What would a token-efficient language for LLMs look like?
YAML is pervasive as a configuration language partly because of its human readability over JSON. But — what’s more token-efficient if you’re using an LLM?
Let’s look at some configuration languages as an example, but the concept also generalizes to programming languages.
Here’s an example object that covers most of the JSON features (this is the minified version):
{"name":"John Doe","age":30,"isStudent":false,"hobbies":["reading","running","painting"],"address":{"street":"123 Main St","city":"New York","zip":"10001"},"friends":[{"name":"Jane Smith","age":28},{"name":"David Johnson","age":32}]}
How does it tokenize with OpenAI models? 337 characters map to 162 tokens (unminified, standard indentation).
Now, what if we use the equivalent YAML representation of the object? (Remember, YAML is a superset of JSON). YAML only takes 227 characters, which maps to 85 tokens.

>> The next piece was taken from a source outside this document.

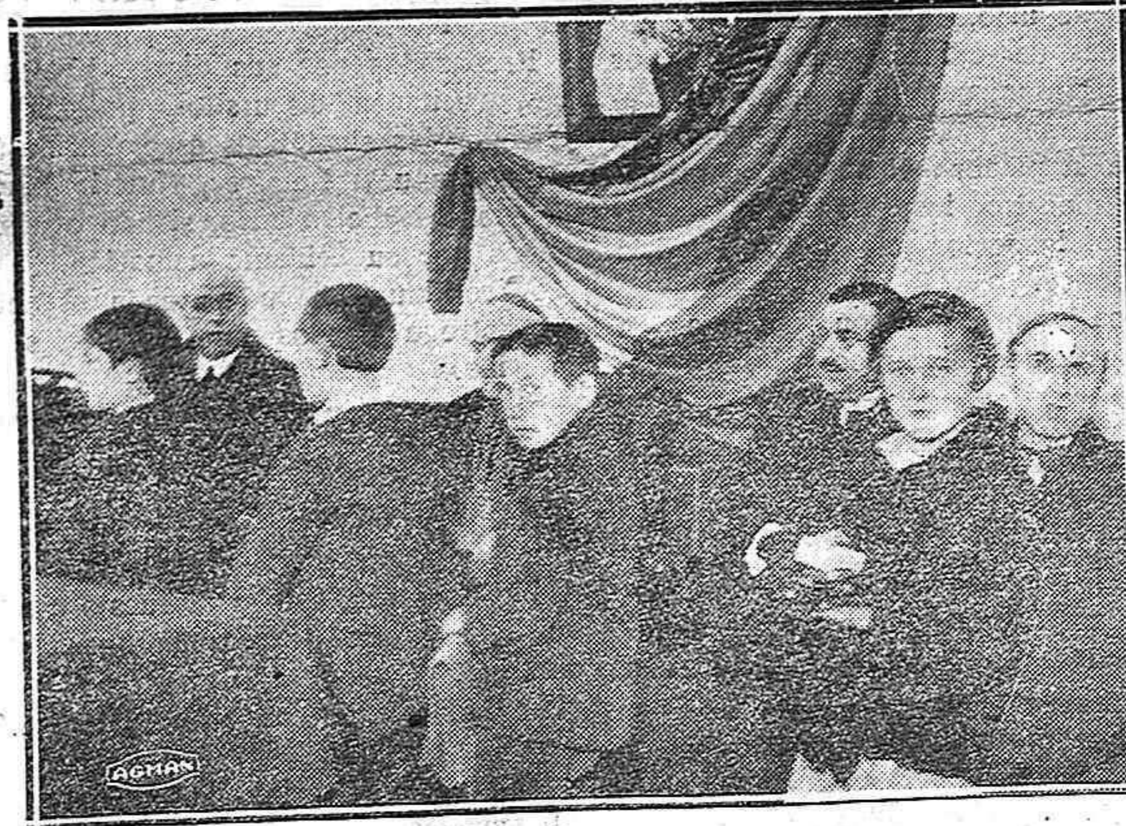
El reparto de premios en las escuelas de San Miguel.—Los niños dan las gracias a las autoridades, después de recoger su premio.

Finally, what if you minify the JSON? Remove unnecessary whitespace, indentation, and newlines. This further reduces the representation to 223 characters but only 64 tokens. So minified JSON is the most efficient tokenized representation for this configuration object. I’d assume this is generally true for most texts.
But what if we had a more token-efficient language for configuration — or even programming? What if the constraints have now evolved to be both human-readable and token-efficient?
Some other languages:
TOML: 91 tokens (Minified, 79)
XML: 201 tokens (Minified, 121)
HCL: 79 tokens
INI: 84 tokens
What would it look like?
Here’s a quick attempt at Tok-son.
name John Doe
age 30
isStudent false
hobbies
reading
running
painting
address
...street 123 Main St
...city New York
...zip '10001'
friends:
...name Jane Smith
... age 28
...name David Johnson
... age 32
It registers as 61 tokens and 207 characters.
And the grammar:
config = entry*;
entry = identifier, [indent, value | value_sequence | subentry_sequence ];
indent = '...';
value_sequence = value, ws+ , value_sequence | value;
value = string | number | boolean;
subentry_sequence = indent, entry, subentry_sequence, | indent, entry;
identifier = identifier_char+;
number = ['-'], digit, {digit};
boolean = 'true' | 'false';
string = ''' | character , { whitespace | character } , ''' | character;
identifier_char = '?<any printable character excluding whitespace, "=", and ":">';
whitespace = ws_char+;
ws_char = ' ' | '\t';
Far from ideal. But I learned some interesting takeaways from my quick experiment. There are a few ways to take advantage of the BPE tokenizer.
- Whitespace is your friend. Whitespace can often be elided with common words. For instance, “age” and “ age” are 1 token each. But only there are no duplicate whitespace tokens (at least for OpenAI’s tokenizers). One space = one token.
- Many of the minified JSON brackets and parentheses were already tokenized together. This made it hard to be more efficient than that.
- One potential solution is to use longer strings that are still one token. For example, “…” is only one token. So is “****” and “******”. Sometimes these can make things more readable.
Some questions for future exploration:
- Is this even a good thing? Is there a trade-off between model ability and language grammar? That is, will models generate better JSON than a made-up language?
- What about a different tokenizer? Different tokenizers will produce different results. For example, LLaMA’s tokenizer outputs 149 tokens for JSON, 98 for YAML, and 84 for minified JSON.